Because every source lands in the same SQLite — and the derivation layer materializes its outputs to the same place — every cross-domain question is a one-line query the agent runs and cites. The figure below plots a random sample of 200 days from the corpus — late-night messages sent vs. next-day HRV. Each dot is one day. The lower-right cluster is the kind of pattern that's invisible to a single-domain app: high late-night phone activity followed by depressed next-day autonomic recovery. The agent finds these when asked; it doesn't need a separate analytics dashboard.

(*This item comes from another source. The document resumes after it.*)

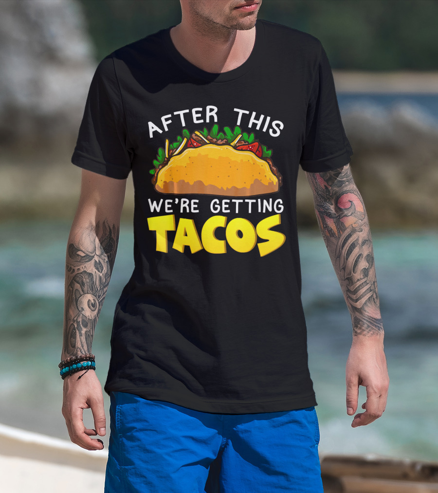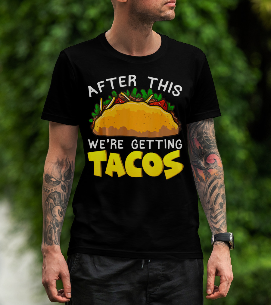 The After This We're Getting Tacos T-shirt is designed for everyday wear and a consistent fit. Fabric is pre-shrunk ring-spun cotton with durable stitching. See the size chart below for exact measurements.

Scatter plot: late-night messages sent (x-axis) vs next-day HRV in ms (y-axis). 200 sampled days across 2024–2026. Most points cluster at zero late-night messages with HRV spread across 20–110. High-late-night-message days (10+) skew toward lower HRV values. — Sampled cross-domain join: messages × biometrics. Real anonymized data, no dates or contact identifiers.

Local and pull-based

The whole stack is sync httpx, SQLite, pandas/numpy, and launchd. No webhooks, no daemon, no VPS, no cloud function. The trade-off is real — there's no real-time signal — and it's the right one, because the data is daily-grain anyway and the cloud APIs deliver intraday HR at sub-minute resolution only during detected workouts. Real-time would be theatrical, not useful. Two cron firings a day catches everything that matters and the entire system runs in user-space on one laptop.

The stack

Language

Python 3.11

Storage

SQLite (local)

Compute

pandas · numpy

HTTP

httpx · sync

Scheduler

launchd · 2× daily

Reference sources

Oura v2 · Renpho · iMessage

Agent

Any LLM via coach.md

What it gets me

A coach that's quantitative and correct. Asking "how am I feeling today?" returns readiness score, sleep contributors, body-temp deviation vs 10-day average, and a concrete recommendation — all sourced from derived tables the agent can cite. The contract forbids hand-waving; the derivation layer forbids the cheap-shortcut wrong answer.
Falsifiable training protocols. On top of the derivation tables sits a pyramidal-distribution polarization protocol — explicit phases (deload → re-anchor → rebuild), HRV-gated daily prescriptions, and pre-registered exit criteria evaluated automatically against daily_load, hrv_verdict, and the readiness panel. The protocol either works against measurable criteria or it doesn't. No vibes.
Cross-domain answers a single health app can't give. "Why was my recovery index 40 last night?" pulls body temp, recent workout load, late-night message count, and alcohol keyword mentions in one query and answers with citations.
Provider-independence. When the next-generation model ships or I want to run on the plane, I swap it out. The persona contract, the derivation modules, the data layer, and the CLI don't change. The agent is the contract pointed at the derived tables; the vendor is just the interpreter.
A reference implementation for the broader pattern. Plug in Whoop instead of Oura, a Withings scale instead of Renpho, an Apple Health export instead of iMessage — the sync shape is the same, the derivation tables sit on top, the persona contract still applies. github.com/gabrielkagan/vitals ships the abstracted version.

Privacy

Nothing on this page is identifying. The scatter is real but anonymized — no dates, no contact IDs, no names. The corpus and the agent's outputs stay on my machine, encrypted, never synced anywhere. The open-source repo ships with no data either. If you want a vitals corpus of your body and your messages, you point the adapters at your own accounts on your own laptop. That's the whole architecture.